(Beginning of Information)
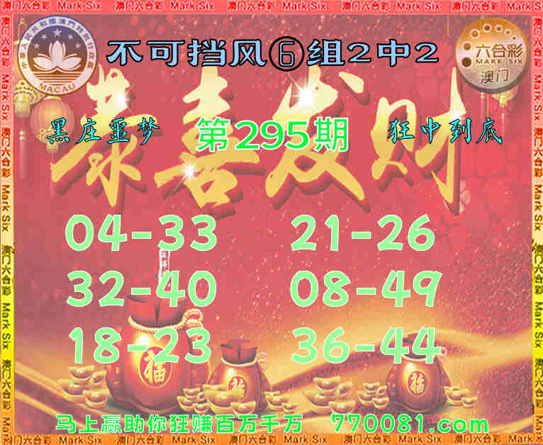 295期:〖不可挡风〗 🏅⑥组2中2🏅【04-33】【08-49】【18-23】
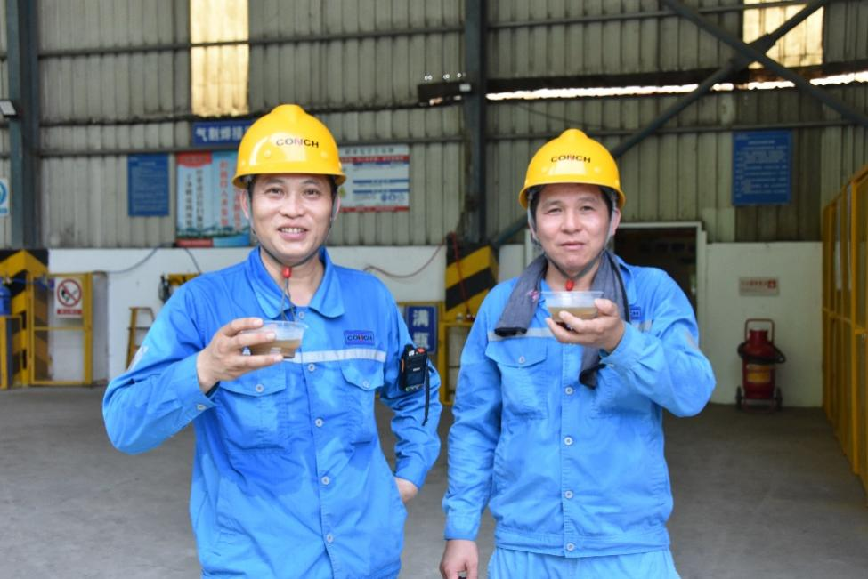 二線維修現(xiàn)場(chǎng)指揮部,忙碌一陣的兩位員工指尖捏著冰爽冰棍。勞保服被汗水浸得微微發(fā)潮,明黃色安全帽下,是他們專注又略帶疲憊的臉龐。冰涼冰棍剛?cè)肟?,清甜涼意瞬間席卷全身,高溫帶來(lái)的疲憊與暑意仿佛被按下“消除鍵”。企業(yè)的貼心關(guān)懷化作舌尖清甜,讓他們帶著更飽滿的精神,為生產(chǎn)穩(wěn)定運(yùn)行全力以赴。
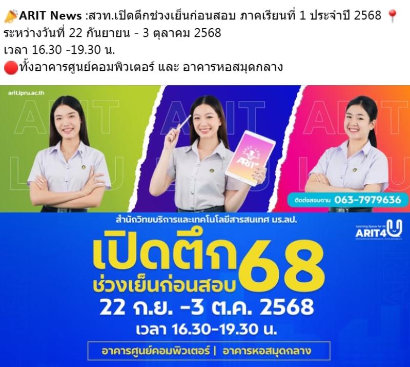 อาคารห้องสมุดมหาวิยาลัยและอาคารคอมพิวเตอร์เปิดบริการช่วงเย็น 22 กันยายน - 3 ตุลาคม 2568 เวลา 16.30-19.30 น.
(End of Information)
(Beginning of Information)
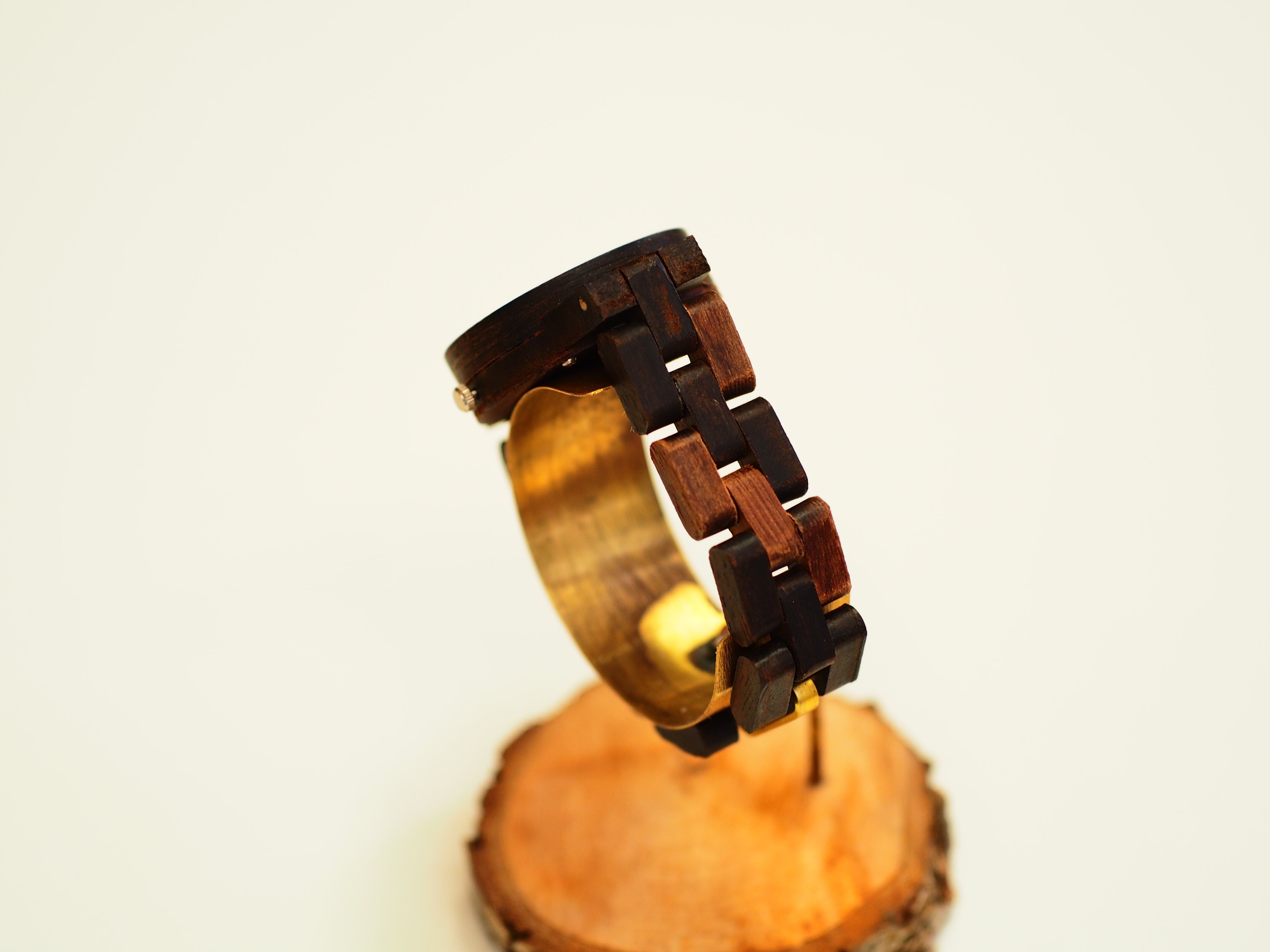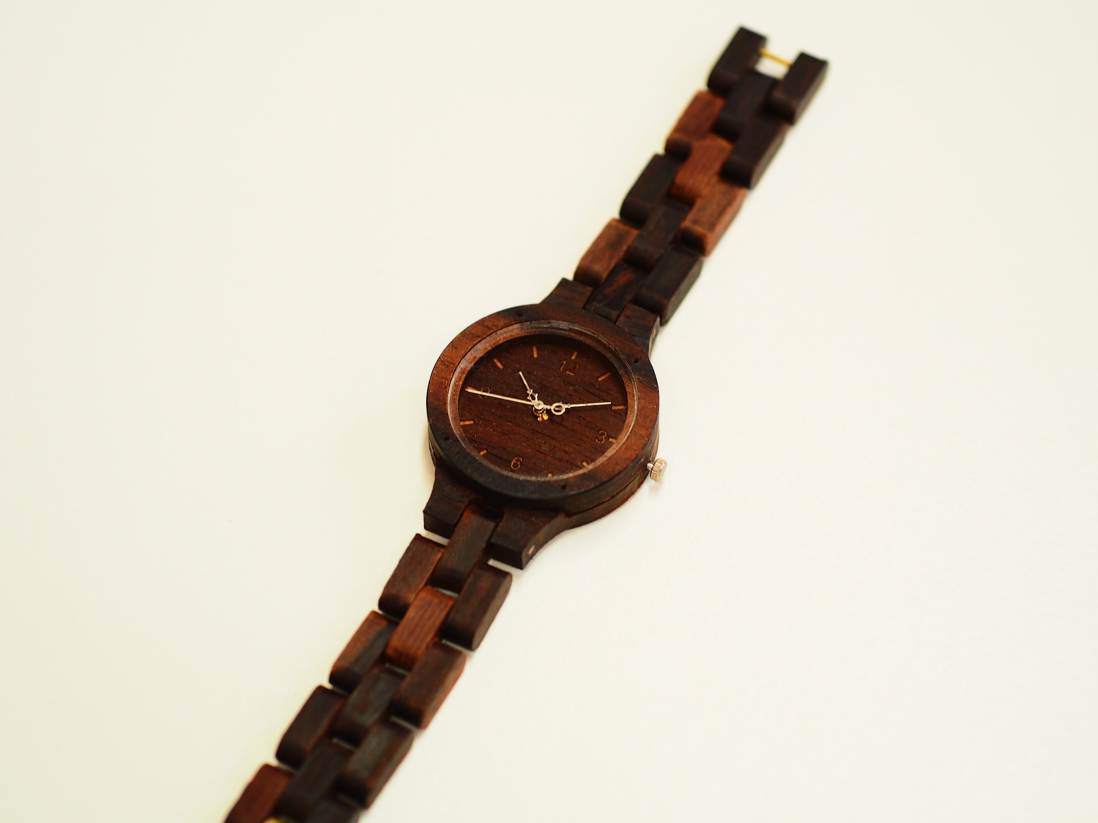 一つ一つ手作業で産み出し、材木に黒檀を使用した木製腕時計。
(End of Information)
(Beginning of Information)
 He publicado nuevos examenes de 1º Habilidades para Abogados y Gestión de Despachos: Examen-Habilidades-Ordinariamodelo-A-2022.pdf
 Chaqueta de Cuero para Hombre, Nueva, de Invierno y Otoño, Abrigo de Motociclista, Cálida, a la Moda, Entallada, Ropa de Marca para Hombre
(End of Information)
* [What is required]
As you read the records above, find each line that contains "para" and copy it.

* [Task result]
 He publicado nuevos examenes de 1º Habilidades para Abogados y Gestión de Despachos: Examen-Habilidades-Ordinariamodelo-A-2022.pdf
 Chaqueta de Cuero para Hombre, Nueva, de Invierno y Otoño, Abrigo de Motociclista, Cálida, a la Moda, Entallada, Ropa de Marca para Hombre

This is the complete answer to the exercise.